Sin embargo, como se ha planteado en muy diversos momentos y espacios, ante el devenir de una tecnología cada vez más desarrollada que ha propiciado la rapidez en la propagación de la información y, por consiguiente, la irrupción de las redes sociales, las reglas de ese juego han cambiado drásticamente. Así, bastó con abrir las redes sociales para que lo ominoso terminara por envolvernos gracias a una imagen abominable y que sólo es un referente del salvajismo que, día con día, se impone en las calles, en las casas, en el transporte público, en los lugares de trabajo. En nuestra vida.
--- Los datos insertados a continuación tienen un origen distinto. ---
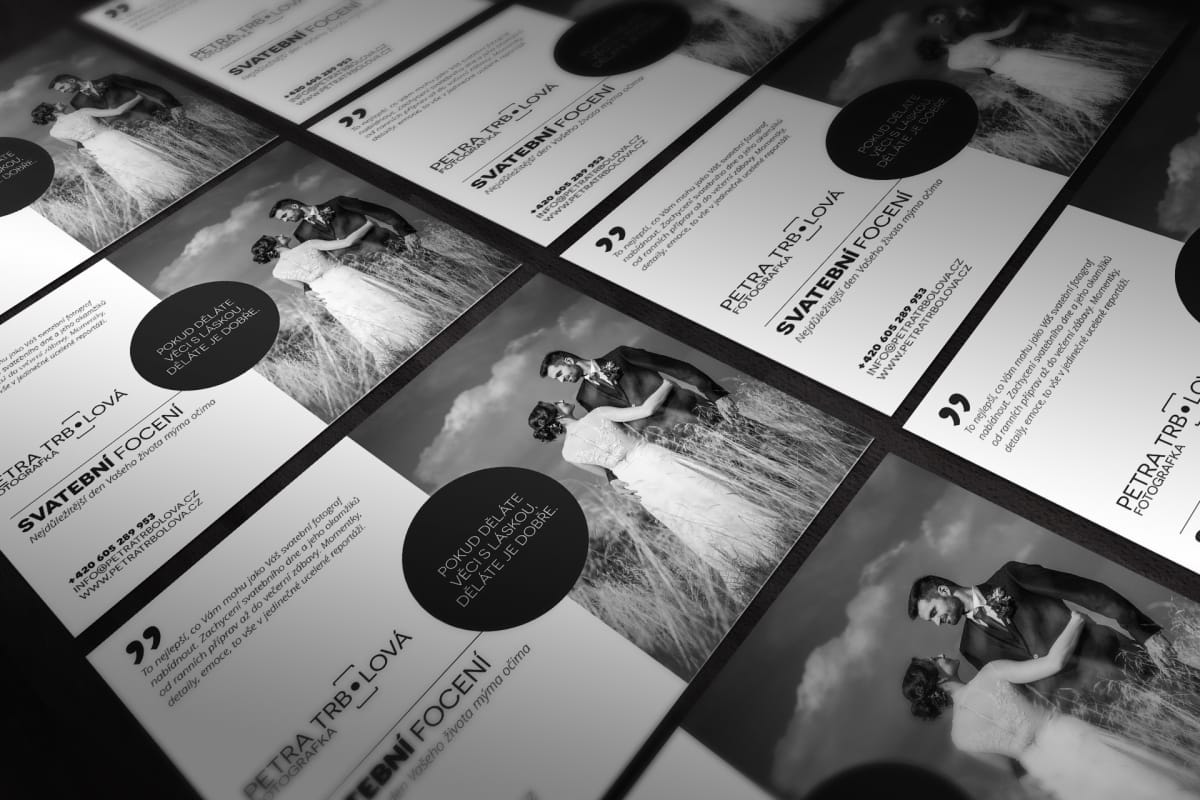Práce na grafických návrzích pro Petru Trbolovou pro nás znamená opravdu hodně. Fotografie od této profesionální fotografky mají nepopsatelnou hodnotu a je radostí se na ně dívat. Pro Petru jsme kromě loga vytvořili i vizitky, ceníky, letáčky, PF a další tiskoviny.

Suele decirse que el lenguaje tiene límites que son infranqueables y, quizá, es cuando entendemos que la imagen adquiere un poder que nos enmudece y hace eco en nuestro espíritu esa suerte de estruendo silencioso y de lo indescriptible. Quizá hablar de lo abominable y terrorífico se queda corto cuando observamos el cuerpo sin vida –y mutilado– de Alejandro Arcos Galán, asesinado el fin de semana pasado, a tan sólo seis días de rendir protesta como alcalde de Chilpancingo. Sí, dos palabras que apenas describen el horror y son como un simple boceto del salvajismo al que gradualmente nos hemos acostumbrado. Imágenes que, con su propio lenguaje, nos hablan de ese callejón sin salida en el que nos encontramos, como sociedad y seres humanos.
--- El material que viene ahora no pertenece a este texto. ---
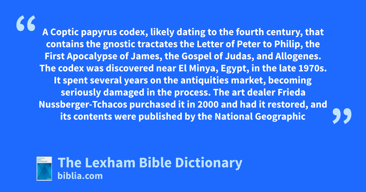 Codex Tchacos A Coptic papyrus codex, likely dating to the fourth century, that contains the gnostic tractates the Letter of Peter to Philip, the First Apocalypse of James, the Gospel of Judas, and Allogenes.

Más allá de la especulación y los intentos por imponer una narrativa afín al gobierno en turno –expertos en crear brumas que desorienten el análisis y la atención– en el que no se ponga en la mesa de los cuestionamientos a la nueva administración ni al gobierno local, es necesario subrayar lo que experimentamos, como individuos, cuando una noticia así, cuando ese tipo de imágenes pueden acompañar los momentos más íntimos y cotidianos de la vida. Y todo lo que nos hemos permitido aceptar y asimilar –como parte de lo que ocurre diariamente desde hace algunos años–, con la brevedad del horror que se afinca en el patio vecino: desde aquellas imágenes de personas colgadas en los puentes o arrojadas a las calles hasta la decapitación de Arcos Galán hemos transitado un siniestro camino del que no será fácil retornar cuando la apología de la violencia genera un buen mercado. Hay mucho por hacer y, que se subraye, eso no dependerá del discurso oficial y sus cuestionables políticas educativas y culturales: en realidad el protagonismo radicará en una sociedad que tome las riendas de un proceso civilizatorio a través de la educación.
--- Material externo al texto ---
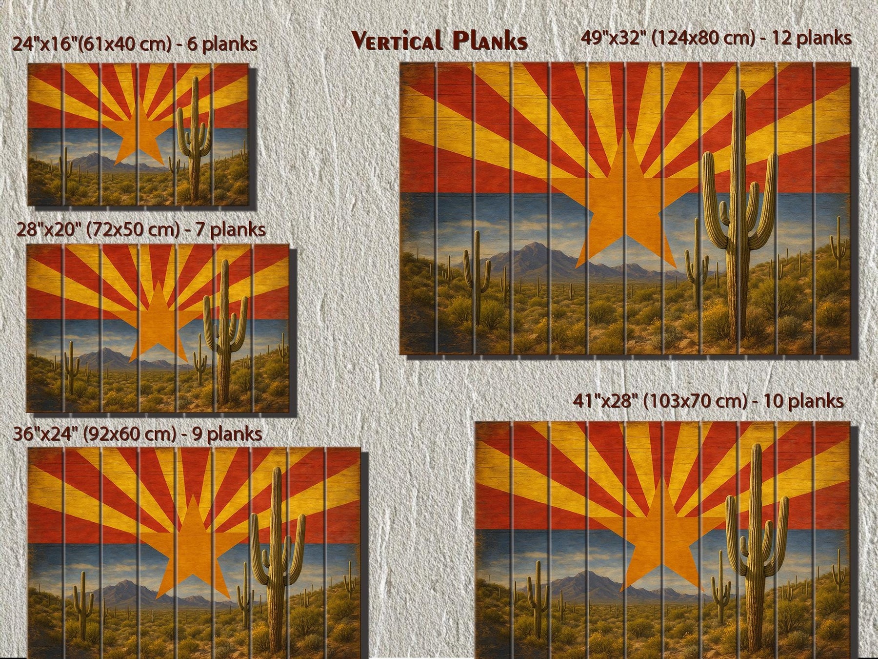Wandbild aus Altholz mit Arizona-Flagge und Wüstenmotiv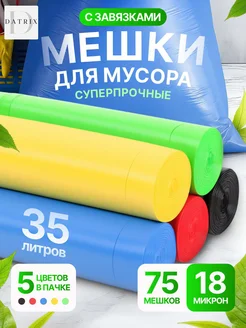 Мешки для мусора с завязками 35 литров прочные 75 шт

Por cierto, también es necesario enfatizar y grabar en la memoria de la ignominia, uno de los ejemplos que retrata lo que ha sido el discurso oficial ante la violencia, los asesinatos y los cuestionamientos que se derivan de esta realidad: que no se olviden las palabras del gobernador oficialista Cuitláhuac García quien, al hablar del terrible asesinato del artista Víctor Muro, intentó armar una serie de malabares que lo llevaron a descalificar y minimizar semejante acto de la barbarie al menospreciar su profesión. Quizá también valdría la pena traer a este capítulo de la memoria las palabras del gobernador Rubén Rocha Moya al referirse al asesinato de Juan Carlos Sánchez –consumado el 21 de septiembre– como “un caso de daño colateral”. Así podríamos enumerar y citar las diversas ocasiones en las que se terminó por imponer la retórica del funambulismo que ejecuta suertes entre el oprobio y lo absurdo.
¿Hasta cuándo dejaremos de quebrantar los límites de la civilización y permitir que lo ominoso se siente en nuestra mesa arrebatándonos la respiración? Así es, cuando comprendamos que el futuro no se cifra en un gobierno que ha montado –al menos así fue durante el sexenio anterior– su propia retórica de la evasión creando realidades alternas. Tenemos mucho trabajo por delante.